16. Be Proud Out Loud. Yeah, it’s corny, but do it anyway – buy a city t-shirt or hat or laptop sticker and proudly wear/display it. Doesn’t the new city you live in 24/7 deserve the same love as your NFL team?
17. Meet a Neighbor. Why do people find this so hard? The Pew Research Center says almost a quarter of Americans under 30 don’t know any neighbors by name. And yet, studies have shown that people who live in self-described tight-knit neighborhoods have lower stress, anxiety and depression. So, the next time you see a neighbor, simply smile, say hello and introduce yourself: “Hi, I’m Josh and I’m new in Raleigh. I was wondering if you had any recommendations for a great barbecue place?” (Or vet or coffee shop or whatever.) Yes, you might be snubbed – such is life. But, then again, you might make a new friend or at least get a few local restaurant recommendations.
18. Visit Your Local Library. Stop hogging all the seats at local coffee shops and set up once in a while at your local library instead. These are community treasures offering much more than books.
19. Find the Bulletin Boards. They typically exist in local coffee shops, but we’ve also seen them in local restaurants, at Panera, in libraries, at the YMCA and other places around town. Scan what people have posted – maybe you’ll find an event or cause of interest you can participate in.
20. Get Lost. Turn down random streets, see what’s there and then try to find your way home without GPS. This helps you create mental maps of your new city.
21. Vote. Loving where you live involves caring about what happens there. Voting in a city election is an easy way to show you care. Raleigh’s elected, 8-member City Council – which includes current mayor Mary-Ann Baldwin – is the city’s primary legislative body. The City Council sets city policy and adopts the city budget each year.
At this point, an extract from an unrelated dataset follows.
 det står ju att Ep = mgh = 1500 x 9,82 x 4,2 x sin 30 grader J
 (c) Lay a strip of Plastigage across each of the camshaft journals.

The Council also appoints a City Manager (currently Marchell Adams-David) to oversee day-to-day municipal operations and implement the City Council’s policies and legislative initiatives. Municipal elections are held in even-numbered years.
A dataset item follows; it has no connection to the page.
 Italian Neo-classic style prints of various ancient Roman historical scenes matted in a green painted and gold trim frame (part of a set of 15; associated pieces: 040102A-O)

22. Commit to Making a Connection. It takes two to fall in love! Raleigh woos us with amazing parks, free museums, world-class restaurants, diverse events, helpful services and more. But we must return the love by participating. A Harvard University study conducted in October 2020 found that 36% of Americans reported feeling seriously lonely. Among certain groups, the numbers were higher: 61% of participants ages 18-25 and 51% of mothers with young children reported feeing “frequently” or “almost always” lonely. Fear of rejection holds many people back from reaching out. Don’t let that fear hold you back from connecting with your new city and its people. It takes two to woo.